*What you are asked to do*: Without the pictures, output the records below exactly as they are.

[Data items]
╭──
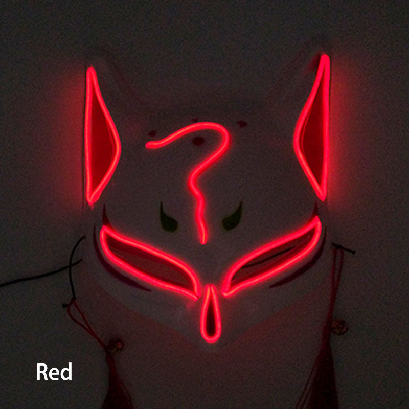 หน้ากากคิทสึเนะญี่ปุ่นเรืองแสงพร้อมไฟนีออน LED หน้ากากคอสเพลย์ปาร์ตี้เรืองแสงในที่มืดหน้ากากจิ้งจอกสำหรับไนท์คลับ
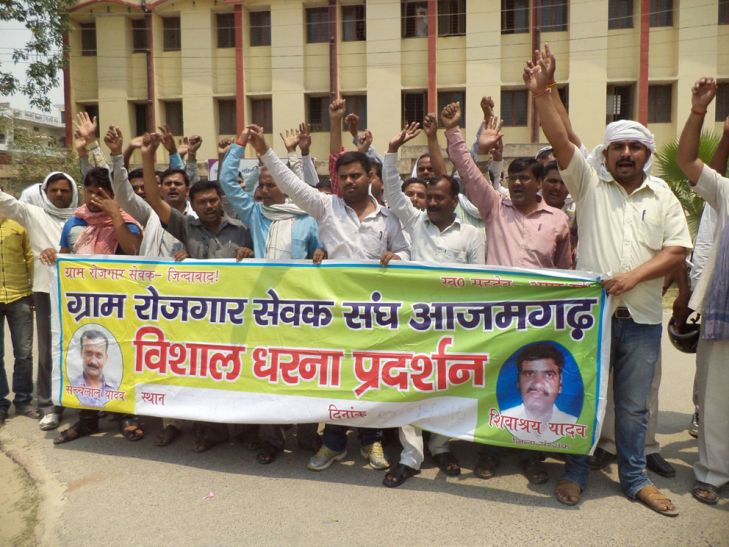 आजमगढ़. तहबरपुर व अहरौला ब्लाक क्षेत्र के ग्राम रोजगार सेवकों ने गुरुवार को अपनी समस्याओं को लेकर ब्लाक मुख्यालयों पर धरना-प्रदर्शन किया। रोजगार सेवकों ने सूबे के मुख्यमंत्री के नाम सम्बोधित 9 सूत्रीय मांगों का ज्ञापन संबंधित खंड विकास अधिकारियों को सौंपा। रोजगार सेवकों ने चेतावनी दिया कि यदि हमारी मांगों पर शीघ्र विचार नहीं किया गया तो हम बड़े आंदोलन को बाध्य होंगे। जिसकी सारी जिम्मेदारी शासन-प्रशासन की होगी।
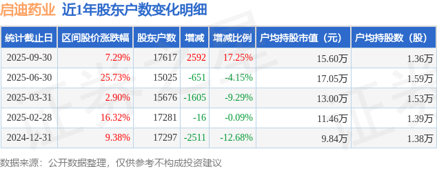 从股价来看,2025年6月30日至2025年9月30日,启迪药业区间涨幅为7.29%,在此期间股东户数增加2592.0户,增幅为17.25%。
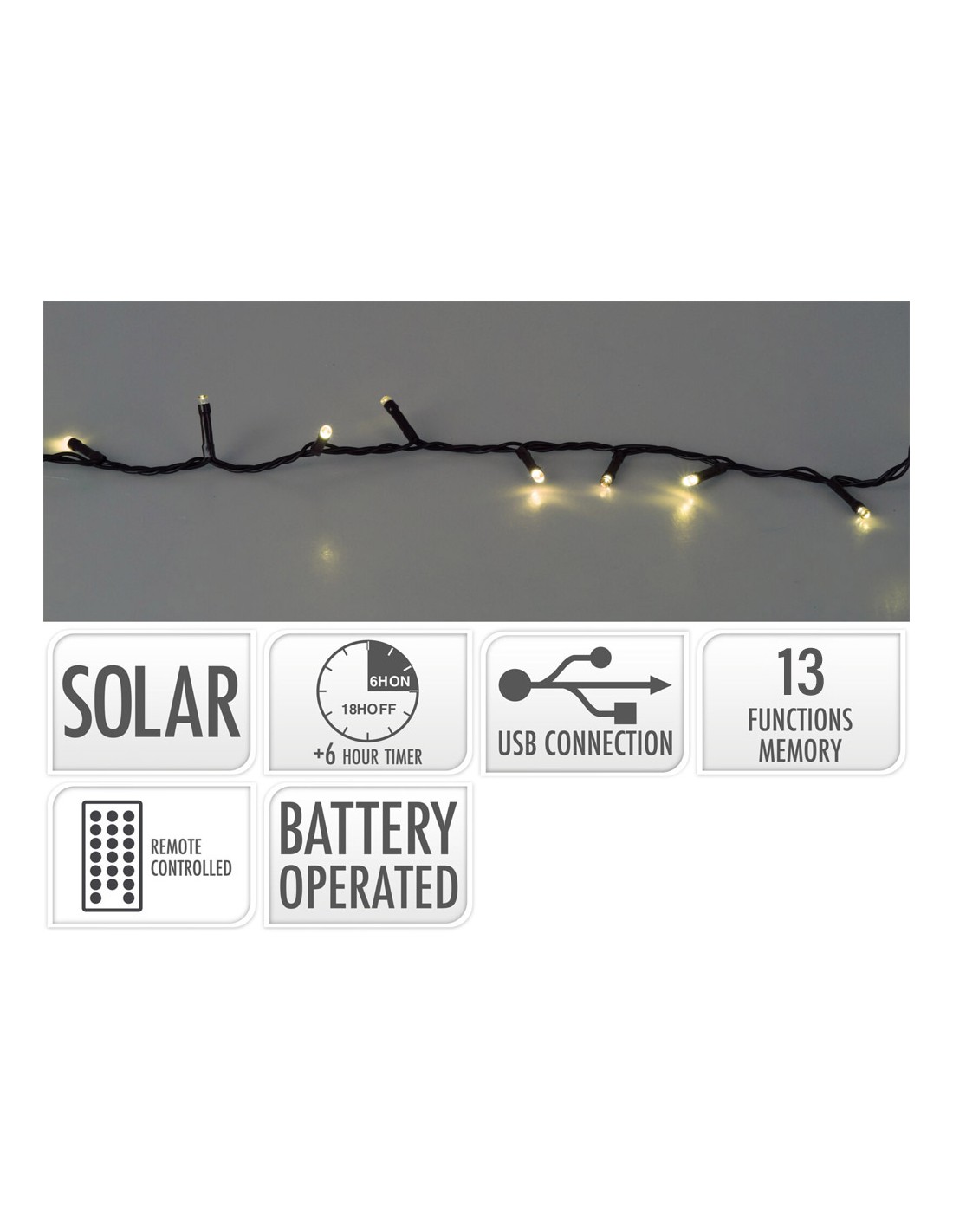 Guirnalda led solar, para exterior, parpadeante, 240 led, color blanco cálido. con 13 funciones. cable verde, cable alimentación negro usb, con mando a distancia (pila cr2025 incluida). distancia entre led 4,5 cm. distancia entre primer y último led 10m, cable de alimentación 3m, largo total de 13m. temporizador 6h.
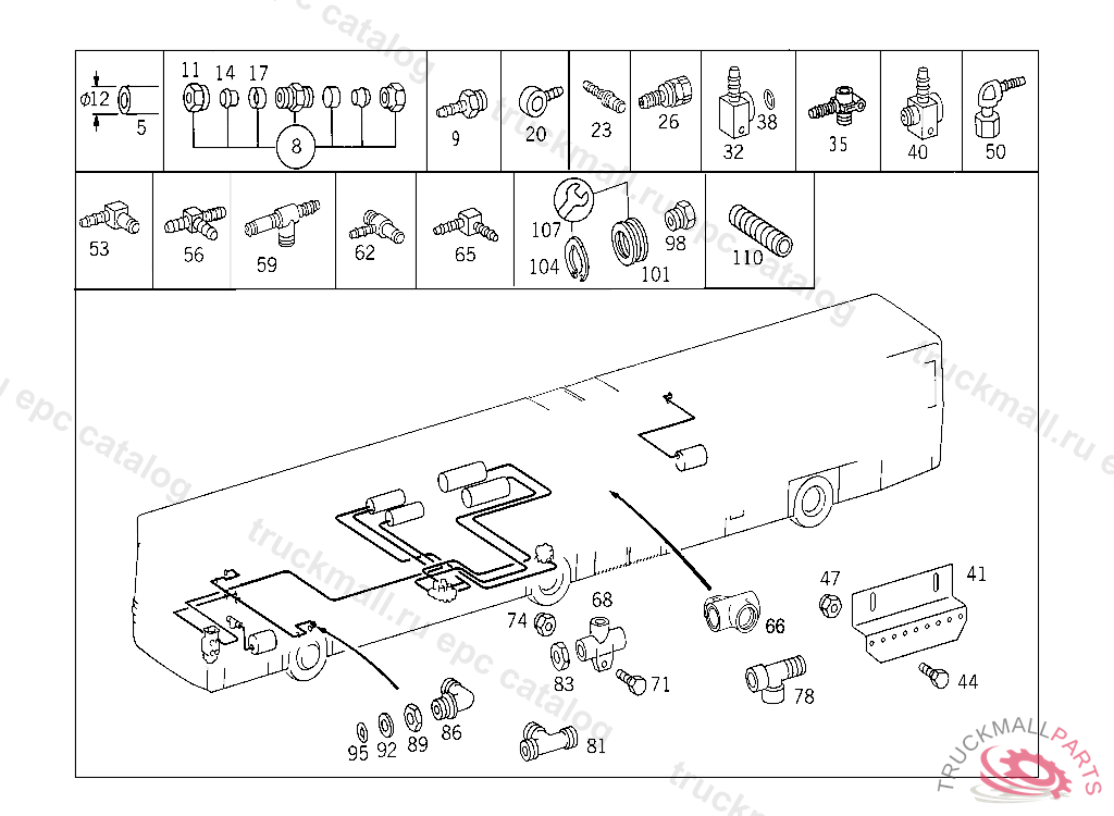 LINE FROM FOUR-CIRCUIT PROTECTIVE VALVE TO AIR RESERVOIR 9X12 MM, LENGTH AVAILABLE 3000 MM
╰──
*Expected output*:
 หน้ากากคิทสึเนะญี่ปุ่นเรืองแสงพร้อมไฟนีออน LED หน้ากากคอสเพลย์ปาร์ตี้เรืองแสงในที่มืดหน้ากากจิ้งจอกสำหรับไนท์คลับ
 आजमगढ़. तहबरपुर व अहरौला ब्लाक क्षेत्र के ग्राम रोजगार सेवकों ने गुरुवार को अपनी समस्याओं को लेकर ब्लाक मुख्यालयों पर धरना-प्रदर्शन किया। रोजगार सेवकों ने सूबे के मुख्यमंत्री के नाम सम्बोधित 9 सूत्रीय मांगों का ज्ञापन संबंधित खंड विकास अधिकारियों को सौंपा। रोजगार सेवकों ने चेतावनी दिया कि यदि हमारी मांगों पर शीघ्र विचार नहीं किया गया तो हम बड़े आंदोलन को बाध्य होंगे। जिसकी सारी जिम्मेदारी शासन-प्रशासन की होगी।
 从股价来看,2025年6月30日至2025年9月30日,启迪药业区间涨幅为7.29%,在此期间股东户数增加2592.0户,增幅为17.25%。
 Guirnalda led solar, para exterior, parpadeante, 240 led, color blanco cálido. con 13 funciones. cable verde, cable alimentación negro usb, con mando a distancia (pila cr2025 incluida). distancia entre led 4,5 cm. distancia entre primer y último led 10m, cable de alimentación 3m, largo total de 13m. temporizador 6h.
 LINE FROM FOUR-CIRCUIT PROTECTIVE VALVE TO AIR RESERVOIR 9X12 MM, LENGTH AVAILABLE 3000 MM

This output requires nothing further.